**Exercise directions**
Starting at the line containing "- 일본 제도 중 하나인" and ending at the line containing "在Sorftime数据看板中", transcribe the listing below exactly. Keep both end lines, skip the pictures, and copy nothing else.
___ Records provided ___
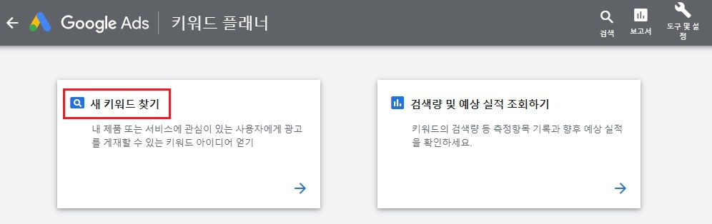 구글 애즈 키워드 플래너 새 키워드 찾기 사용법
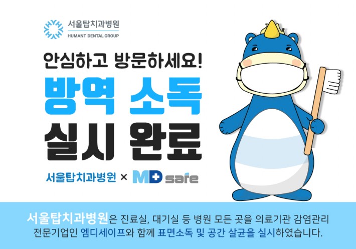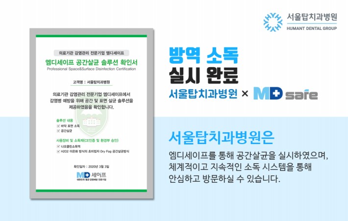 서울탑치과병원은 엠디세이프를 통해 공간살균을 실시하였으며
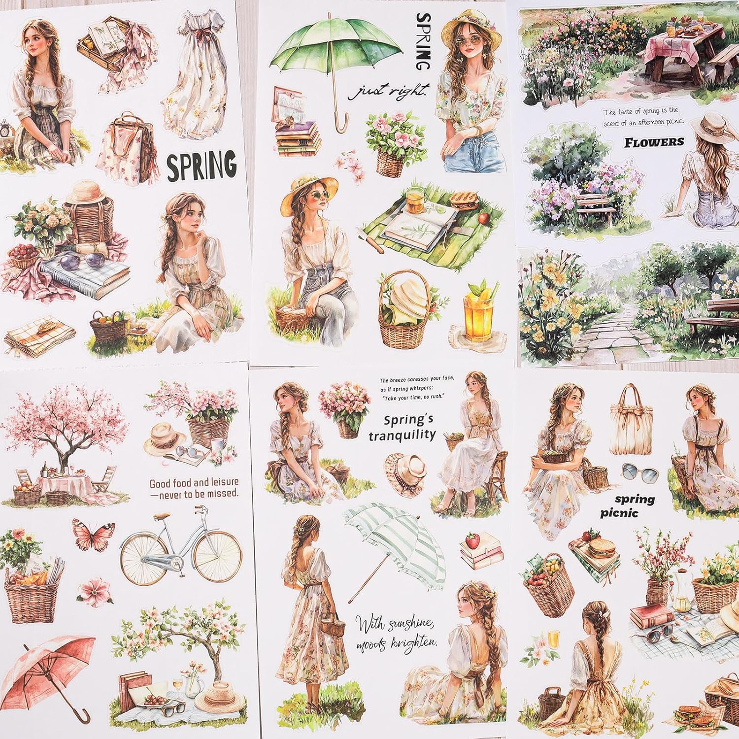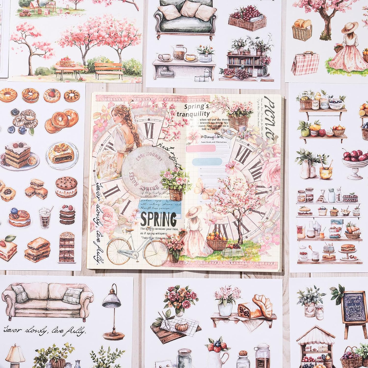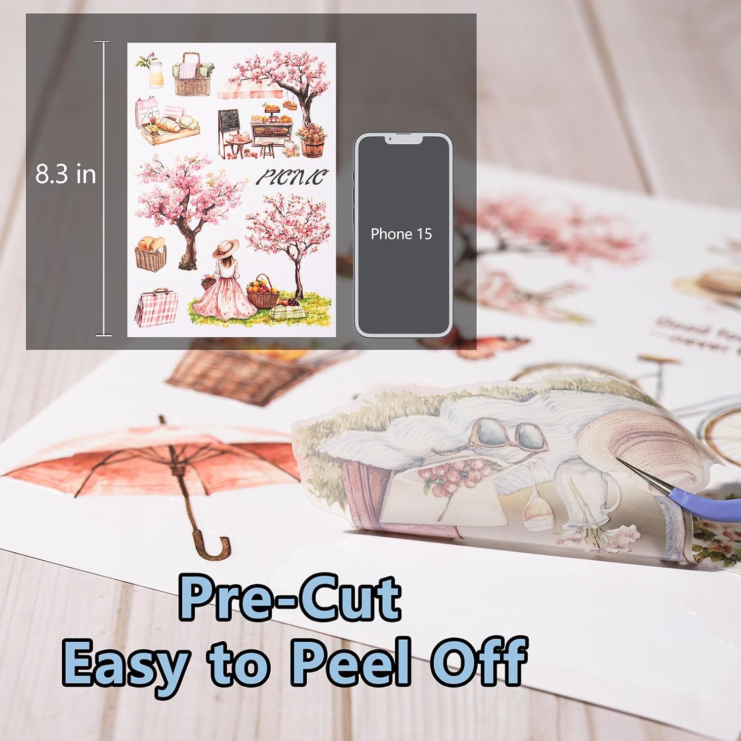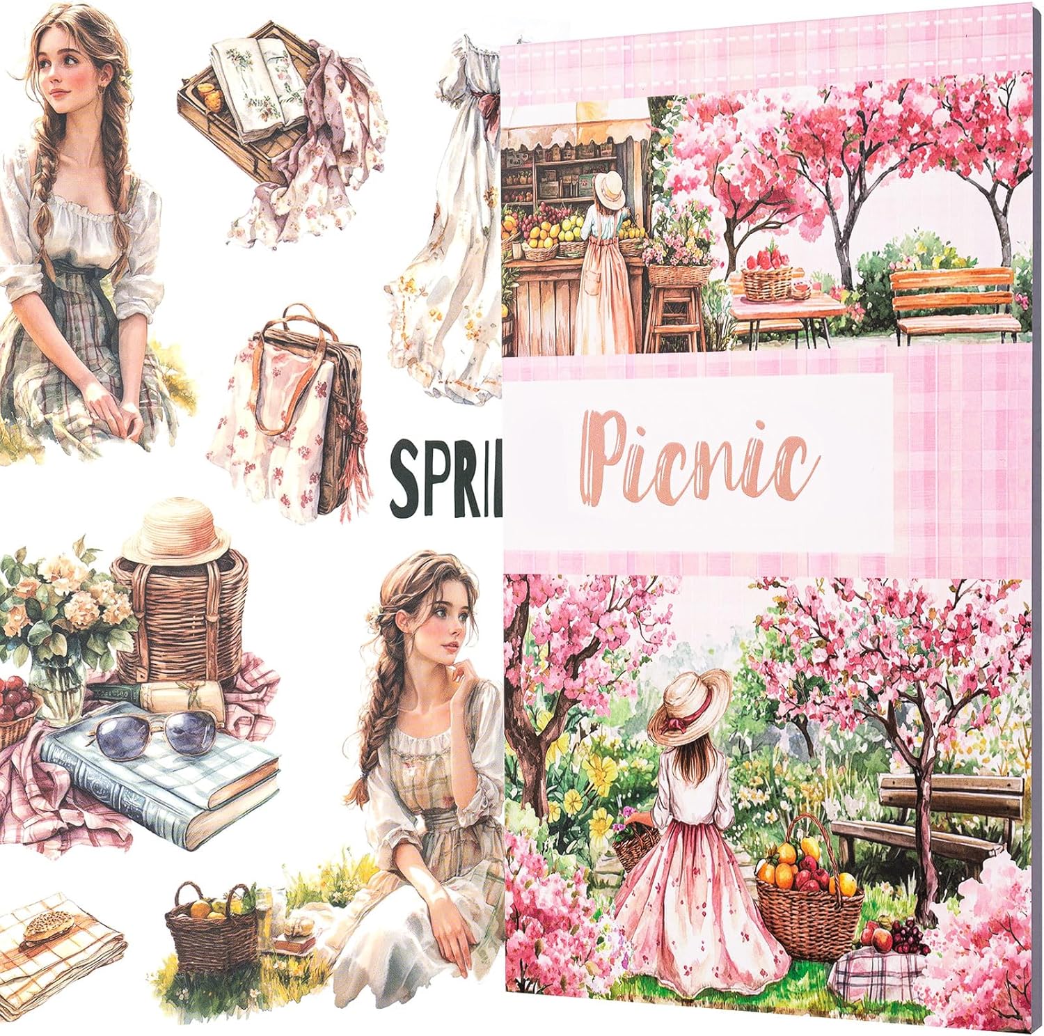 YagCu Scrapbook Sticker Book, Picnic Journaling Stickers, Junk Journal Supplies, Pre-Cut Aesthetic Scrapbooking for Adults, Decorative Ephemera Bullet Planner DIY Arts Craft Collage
___
___ Records provided ___
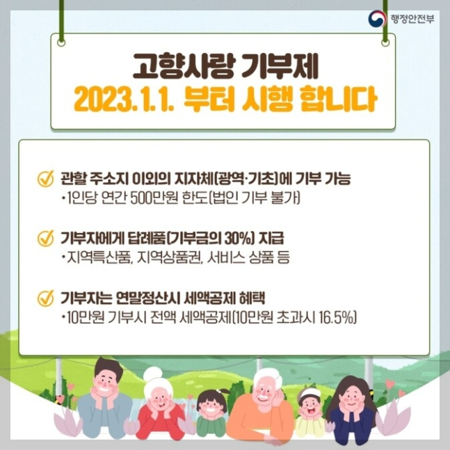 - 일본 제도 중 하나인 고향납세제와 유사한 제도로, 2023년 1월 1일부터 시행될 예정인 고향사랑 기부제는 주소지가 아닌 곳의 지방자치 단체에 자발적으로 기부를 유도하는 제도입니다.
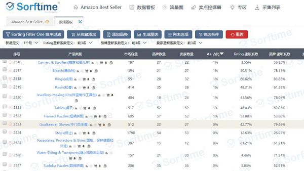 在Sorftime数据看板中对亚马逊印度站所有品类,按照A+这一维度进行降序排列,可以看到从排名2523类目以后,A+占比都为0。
___
**Written solution**
 - 일본 제도 중 하나인 고향납세제와 유사한 제도로, 2023년 1월 1일부터 시행될 예정인 고향사랑 기부제는 주소지가 아닌 곳의 지방자치 단체에 자발적으로 기부를 유도하는 제도입니다.
 在Sorftime数据看板中对亚马逊印度站所有品类,按照A+这一维度进行降序排列,可以看到从排名2523类目以后,A+占比都为0。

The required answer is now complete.